Direktur Utama RNI Group Ismed Hasan Putro mengatakan, secara umum dalam 10 tahun terakhir, tahun politik tidak berpengaruh signifikan dalam dunia usaha. Bahkan, dalam gelaran terakhir, tahun pemilu sudah menjadi ‘zona nyaman’ bagi para pengusaha. “Pada 2004 dan 2009 pemilu seperti festival. Dunia usaha dalam 5 tahun terakhir sudah nyaman dengan suhu politik karena seperti apa pun politik tidak akan mempengaruhi dunia usaha, kita akan terus tumbuh,” kata Ismed.
Menurutnya, kehidupan demokrasi di Indonesia saat ini sudah mulai matang.

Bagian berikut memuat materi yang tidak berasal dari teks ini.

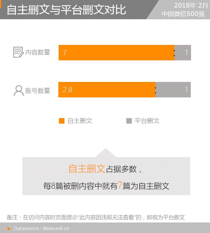 将所有删除内容划分为运营者自主删文和平台删文两种,统计可知,二者体量比例大概为7:1,即自主删文的内容占所有被删内容的87.9%,而剩下的为12.1%则为违规被微信平台删除。而从删文所涉及的公众号而言,自主删文的公众号与被平台删文的公众号约为2.8:1,也即自主删文的公众号平均删文的体量也远高于平台删文,平台政策就像达摩利斯剑一样悬在公众号运营者头顶,运营者更多会因畏惧惩罚而自行处理敏感内容。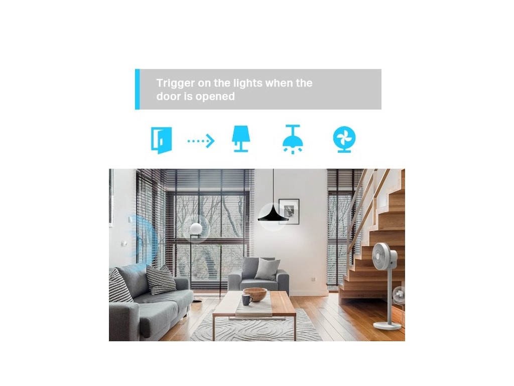 Chytrý detektor zaznamenává pohyb a zapíná připojená zařízení (chytrá světla, ventilátor, atd.), detekce až na 7 m v úhlu 120°, časový program, jednoduchá montáž, provozní teplota od 0 do 40 °C, baterie CR2450.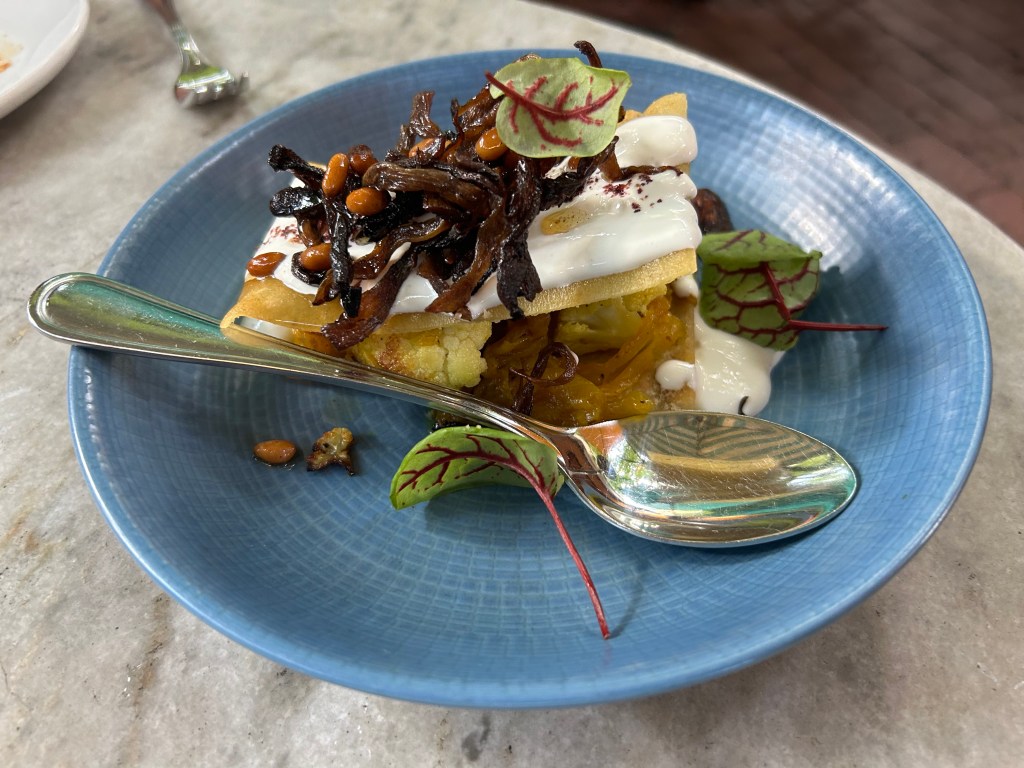 I read several reviews raving about the Spinach Falafel ($15), so I had to order it. We were instructed to roll each falafel with the flatbread and greens. I didn’t follow our server’s instructions, and instead, I broke apart the crunchy falafel into pieces, mixing the tahini, sour pickles, pine nuts and tzatziki. The spinach leaves were thick and wild looking.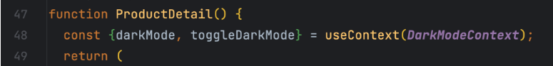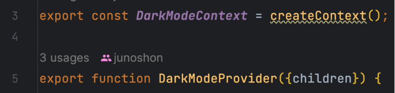 DarkModeContext.jsx 에는 DarkModeContext 라는 변수를 선언해 createContext 로 context를 만들어준다.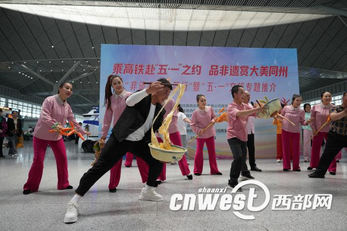 活动先后在西安北站、大荔站广场及高铁列车上同步开展。在西安北站,非遗传承人通过技艺展示、互动体验等形式,向旅客展示大荔剪纸、面花、刺绣、皮影、葫芦工艺等特色非遗;文旅推介环节集中发布精品旅游线路、特色文旅产品和惠民政策,吸引众多旅客驻足了解、咨询打卡。此外,高铁列车化身“移动文化展厅”,西安客运段和文旅部门的工作人员通过文艺展演、互动问答、文旅推介等形式,将大荔非遗文化和旅游资源带到旅客身边。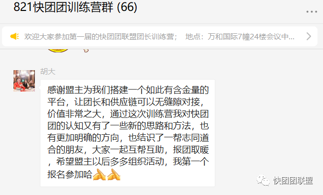2021/08/26 快团团联盟团长训练营01期(杭州站)顺利结束,反馈收获很大,已经开始爆单!

Adanya hiruk-pikuk politik menjadi hal yang lumrah. Yang perlu diwaspadai adalah tingginya angka korupsi di Indonesia. Hal ini bisa menggerogoti tumbuhnya perekonomian di Indonesia. “Demokrasi politik mulai matang. Kayak di Jepang pemilu tidak berpengaruh. Kita optimistis kedewasaan demokrasi akan akan membuat ekonomi tumbuh,” kata Ismed.
Apa yang dikatakan Ismed mendapat konfirmasi dari Staf Khusus Presiden Bidang Ekonomi dan Pembangunan, Firmanzah. Mantan Dekan Fakultas Ekonomi Universitas Indonesia ini berpendapat, untuk memahami bagaimana ekonomi di tahun politik ada baiknya melihat apa yang terjadi periode Pemilu sebelumnya yaitu 1999, 2004 dan 2009. “Sejumlah data ekonomi menunjukkan kinerja ekonomi nasional cenderung tumbuh positif di tahun pergantian kepemimpinan nasional,” ucap dia.
Pada pemilu langsung pertama kali 1999, investor dinilai masih khawatir, meski setelah prosesnya berjalan lancar, investor ramai-ramai ke Indonesia. Dan secara umum, sepanjang tahun catatan ekonomi juga menunjukan perbaikan pasca krisis 1998.
Kata Firmanzah lagi, pada 2004, indeks saham tumbuh hingga 87 persen, PDB tumbuh di angka 5,13 persen dan PDB perkapita 10,4 juta per tahun. Kemudian cadangan devisa sudah bisa dibukukan sebesar 36 miliar dollar AS.
Tren pertumbuhan juga berlanjut di tahun pemilu 2009. Saat itu indeks saham bisa tumbh 46 persen, PDB juga tumbuh 4,6 persen, PDB perkapita melonjak jadi 23,6 juta per tahun, dan cadangan devisa naik menjadi 66,1 miliar dollar AS.